**Assignment**
When the line containing "Чехол книжка Gurdini" is found in the data below, copy it and each line after it through the line containing "Fauser 10602. –", exactly and with no others.

**Extracted entries**
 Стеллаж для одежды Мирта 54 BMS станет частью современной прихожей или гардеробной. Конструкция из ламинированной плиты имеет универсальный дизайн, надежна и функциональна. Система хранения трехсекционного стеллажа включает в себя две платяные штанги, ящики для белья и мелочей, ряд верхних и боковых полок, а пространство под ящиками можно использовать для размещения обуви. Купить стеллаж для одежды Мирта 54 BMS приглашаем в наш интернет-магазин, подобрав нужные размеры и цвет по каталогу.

...

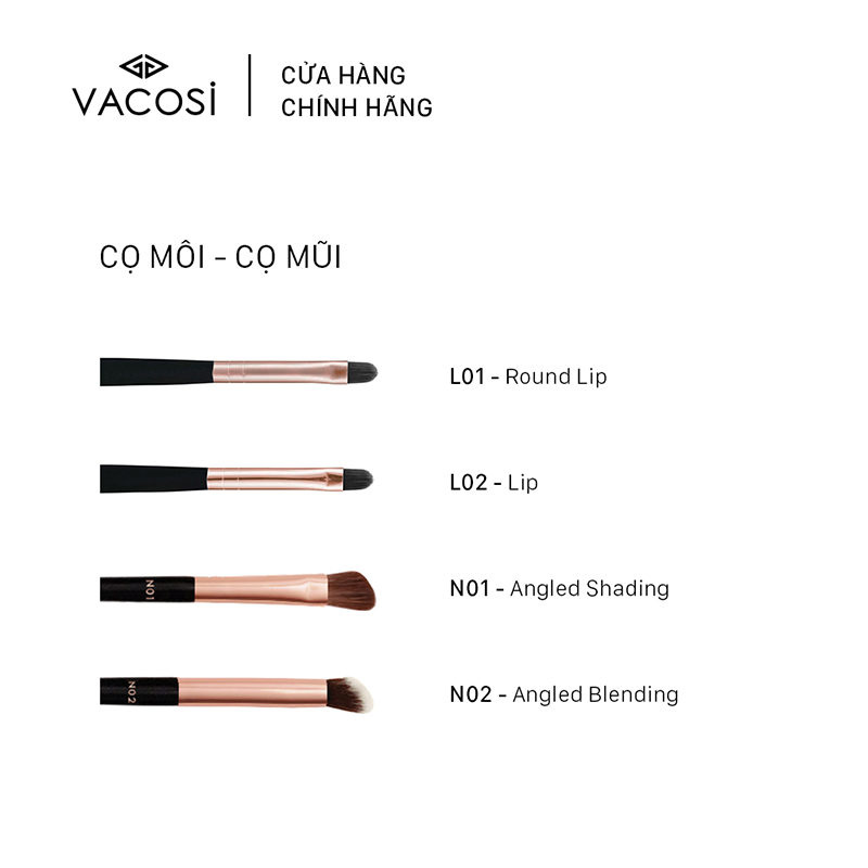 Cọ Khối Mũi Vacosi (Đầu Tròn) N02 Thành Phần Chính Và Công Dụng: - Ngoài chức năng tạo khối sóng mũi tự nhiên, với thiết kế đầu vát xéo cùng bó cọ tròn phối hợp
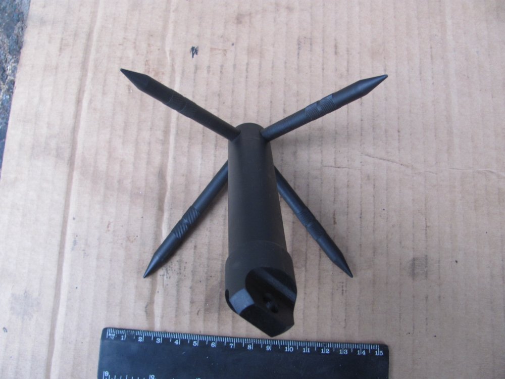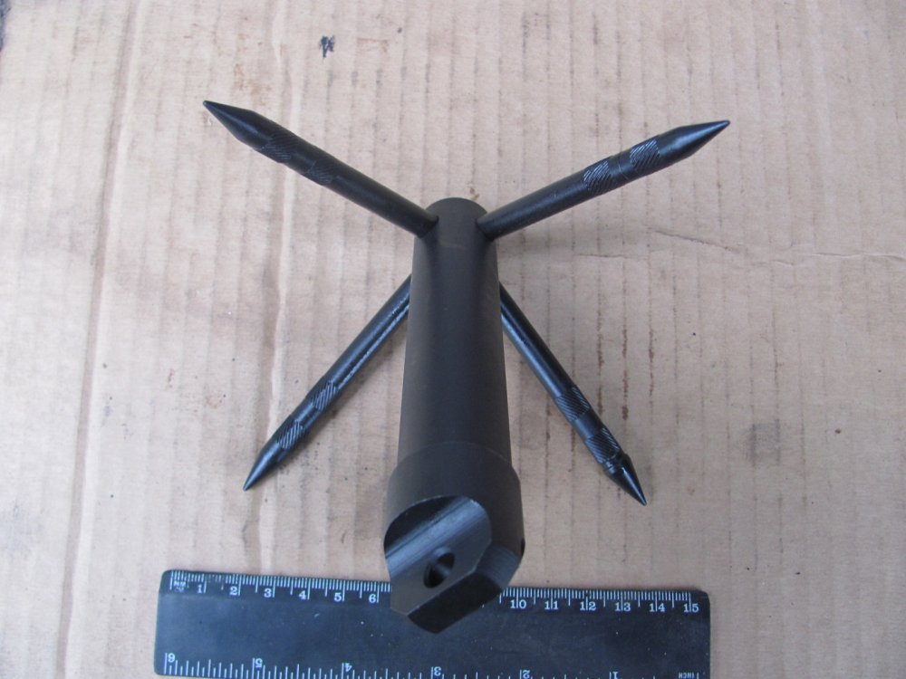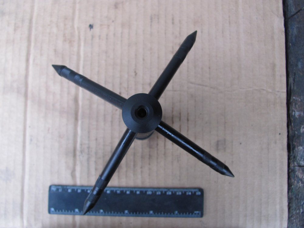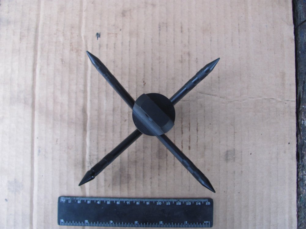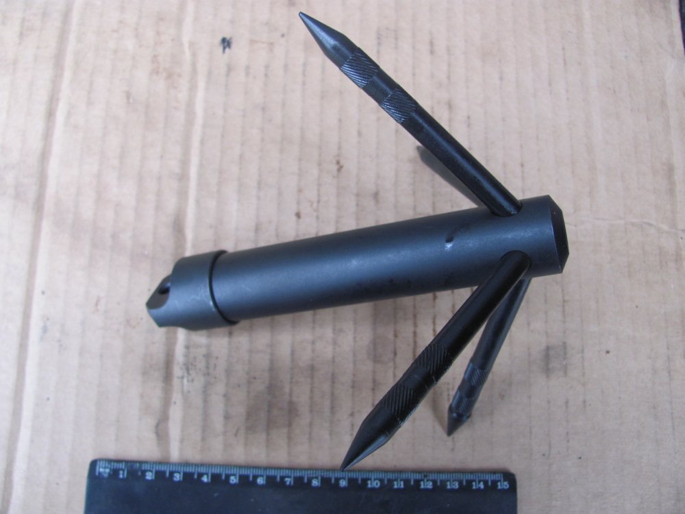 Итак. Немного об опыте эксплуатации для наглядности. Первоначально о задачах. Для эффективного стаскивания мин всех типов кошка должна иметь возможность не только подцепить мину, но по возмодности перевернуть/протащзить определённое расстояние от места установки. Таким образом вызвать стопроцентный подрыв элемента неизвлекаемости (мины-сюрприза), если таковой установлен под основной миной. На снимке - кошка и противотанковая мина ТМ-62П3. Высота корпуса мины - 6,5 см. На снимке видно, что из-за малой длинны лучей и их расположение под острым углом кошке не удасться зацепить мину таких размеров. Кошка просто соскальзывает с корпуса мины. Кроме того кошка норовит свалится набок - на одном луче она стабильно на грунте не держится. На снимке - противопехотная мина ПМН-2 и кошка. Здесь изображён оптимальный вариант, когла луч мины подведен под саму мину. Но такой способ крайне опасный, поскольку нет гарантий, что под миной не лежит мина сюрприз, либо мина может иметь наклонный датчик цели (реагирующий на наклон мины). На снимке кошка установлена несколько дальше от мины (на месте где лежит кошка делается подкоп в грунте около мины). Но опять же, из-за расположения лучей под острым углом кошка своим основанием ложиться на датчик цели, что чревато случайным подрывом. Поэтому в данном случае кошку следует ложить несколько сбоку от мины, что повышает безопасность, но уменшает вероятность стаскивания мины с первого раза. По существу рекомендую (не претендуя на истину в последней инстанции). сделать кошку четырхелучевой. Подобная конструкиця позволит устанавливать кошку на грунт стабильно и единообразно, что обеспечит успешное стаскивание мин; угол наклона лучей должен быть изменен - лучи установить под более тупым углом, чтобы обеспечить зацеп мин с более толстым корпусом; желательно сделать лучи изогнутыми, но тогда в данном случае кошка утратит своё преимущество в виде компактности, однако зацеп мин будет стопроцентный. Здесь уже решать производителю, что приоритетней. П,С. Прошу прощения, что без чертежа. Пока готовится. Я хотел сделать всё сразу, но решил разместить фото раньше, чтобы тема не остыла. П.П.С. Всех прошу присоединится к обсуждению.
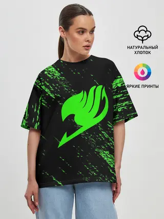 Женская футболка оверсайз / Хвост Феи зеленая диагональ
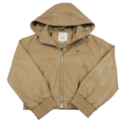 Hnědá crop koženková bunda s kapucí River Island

==

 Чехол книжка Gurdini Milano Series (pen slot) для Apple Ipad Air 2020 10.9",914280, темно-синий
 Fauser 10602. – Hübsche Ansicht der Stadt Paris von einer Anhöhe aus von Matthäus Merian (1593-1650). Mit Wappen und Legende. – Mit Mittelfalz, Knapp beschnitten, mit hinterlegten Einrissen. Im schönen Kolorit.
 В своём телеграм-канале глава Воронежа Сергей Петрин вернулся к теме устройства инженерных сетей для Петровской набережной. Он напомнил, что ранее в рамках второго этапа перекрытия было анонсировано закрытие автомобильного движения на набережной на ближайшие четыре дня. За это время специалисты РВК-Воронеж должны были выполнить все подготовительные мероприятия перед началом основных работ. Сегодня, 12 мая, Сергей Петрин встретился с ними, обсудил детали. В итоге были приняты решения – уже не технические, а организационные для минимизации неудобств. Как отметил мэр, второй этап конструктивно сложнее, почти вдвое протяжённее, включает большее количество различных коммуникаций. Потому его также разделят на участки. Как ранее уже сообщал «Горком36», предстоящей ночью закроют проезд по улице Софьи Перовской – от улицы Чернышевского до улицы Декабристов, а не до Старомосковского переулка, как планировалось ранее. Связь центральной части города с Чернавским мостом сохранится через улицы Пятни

**Task result**
 Чехол книжка Gurdini Milano Series (pen slot) для Apple Ipad Air 2020 10.9",914280, темно-синий
 Fauser 10602. – Hübsche Ansicht der Stadt Paris von einer Anhöhe aus von Matthäus Merian (1593-1650). Mit Wappen und Legende. – Mit Mittelfalz, Knapp beschnitten, mit hinterlegten Einrissen. Im schönen Kolorit.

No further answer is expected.